Anyway – the laptop itself was pretty impressive although the keyboard thing is probably enough of a reason for me not to get one. My real review started when I got to use it under stress at Jersey Live.
The laptop is extremely light for one of that size and functioned brilliantly under stress – often having to handle Photoshop, Dreamweaver, WS_FTP, Adobe Audition, Firefox and Windows XP at the same time – it handled it brilliantly.
However the battery life is utter turd – the first day of the festival I had the battery fully charged before I left but didn’t bother to take a power cable as I wasn’t sure there would be power – there was free WiFi but I didn’t think electricity would be available – it was.
So I had to last on battery power alone – nwo this was set to be a 12 hour day – so I was working on the assumption that, if I used the laptop for about 15 minutes in every hour – which is only about three hours I would be fine.
By three hours into the festival the battery was already half empty – thats after just 45 minutes of active use – so to make sure it lasted all day I switched to 10 minutes every three hours and dropped the brightness to about 50% – meaning I could barely see the screen BUT it JUST about managed to survive until the end.

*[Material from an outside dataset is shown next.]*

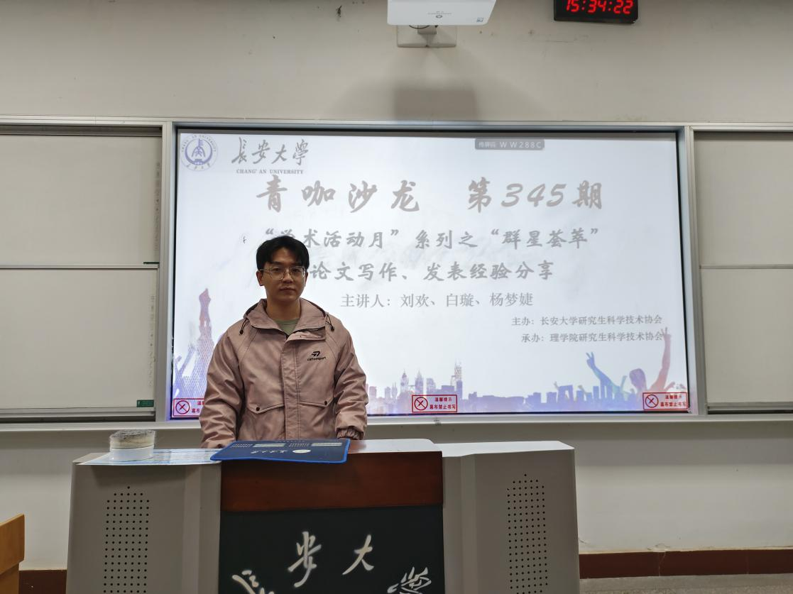 12月4日,由williamhill体育在线登录研究生科学技术协会主办,williamhill体育在线登录研科协及研会共同承办的研讨系列青咖沙龙第345期“论文写作、发表经验分享”在南校区北院103教室举办。本次研讨系列青咖沙龙由williamhill体育在线登录数学专业2022级硕士研究生杨梦婕同学、数学专业2022级硕士研究生白璇同学和力学专业2022级硕士研究生刘欢同学担任主讲人,共30余名研究生参与。

The next day I had the power cable and the laptop performed fantastically – comfortably taking me to the end of the day with the screen at 100% with having to re-boot once – not a crash in sight.
So will I be buying a Tecra A8? Probably not as it’s an older model and one designed for business but this certainly hasn’t put me off going Toshiba – in my hunt for a new laptop.
Up until this point I’ve been leaning towards Dell and Apple – Dell because I’ve had one before and it just got on with its job and worked – Apple because they look beautiful, the operating system is miles better than Windows and I can still run Windows if I really need to.
However, now I will be considering other alternatives – I want something light but with at least a 15″ screen, a good graphics processor, a massive chunck of ram and a screen that doesn’t suffer too badly from glare.
Will I go Tosh? Maybe but it depends on price, a better screen and the keyboard being in the right place. Something that the Satellite Pro A200GE seems to have cracked.
It’s got a great spec, is a little heavy but no more than other laptops with a 15″ screen and is around £750 so a fairly good price as well but it doesn’t stand out head and shoulders enough for me to shout – buy it now!
There are still other laptops in the running and my heart is till on a MacBook which I can get in a similar spec to the Satellite Pro for about the same price.